So strange this feeling of treading water. Just biding time until something happens but I have no idea what. It is really disconcerting and it’s triggering all sorts of stuff for me. Wanting to drink, feelings of dissatisfaction and boredom and the general overarching emotion of ‘meh’.
The thing that is really annoying me now is myself. I can’t tell you how frustrated I am that I’m not making the most out of all I have and that happiness is eluding me. I’m irritable and tetchy and quite frankly, a right royal pain in the arse. Nothing is right and nothing is good enough. In fact, ‘nothing’ is a great word to describe how I feel at the moment. Now I realise that sounds terrible and reading it back now makes me want to shake myself. I mean, what is wrong with me for goodness sake? I want to find the switch that turns it all back on again. Whatever ‘it’ is.

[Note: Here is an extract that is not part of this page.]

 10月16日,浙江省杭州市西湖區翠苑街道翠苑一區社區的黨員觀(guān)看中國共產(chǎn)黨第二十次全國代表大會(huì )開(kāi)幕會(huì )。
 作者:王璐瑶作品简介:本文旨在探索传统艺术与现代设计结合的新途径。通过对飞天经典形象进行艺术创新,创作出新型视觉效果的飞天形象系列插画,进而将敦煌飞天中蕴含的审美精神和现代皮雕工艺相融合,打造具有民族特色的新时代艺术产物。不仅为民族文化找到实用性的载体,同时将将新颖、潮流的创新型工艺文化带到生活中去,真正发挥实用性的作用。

I have to be honest though. No point in not. I have lost enthusiasm for it all again. I can’t see a way forward and I’m in one huge mental block. I’m living life in limbo. I have absolutely no answers and all I’m doing is hanging on to the small ray of hope that it will change. I don’t know how to initiate that change but hopefully it will come. Ideas and solutions seem out of reach. One question that keeps going round and round my brain is ‘why can’t I just be grateful and appreciate all I have?’. That would make me happy. That would bring joy and contentment. Sadly, it doesn’t seem to happen like that. These things can’t be forced and actually that only serves to make the situation worse. I’m becoming increasingly despondent and fed up with Claire.

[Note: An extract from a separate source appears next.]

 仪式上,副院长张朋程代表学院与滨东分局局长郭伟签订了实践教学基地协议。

So on I go. Not drinking, trying to do my best to be a good mum and a kind person, feeling a little like a failure. Am I the only person that sticks rigidly to a diet and gains weight? Are the odds stacked against me in that too? We tell each other constantly to ‘take it a day at a time’ so that’s what I’ll do. Maybe an hour at a time would be even better? It’s just an hour can feel like an awfully long time here in limbo land.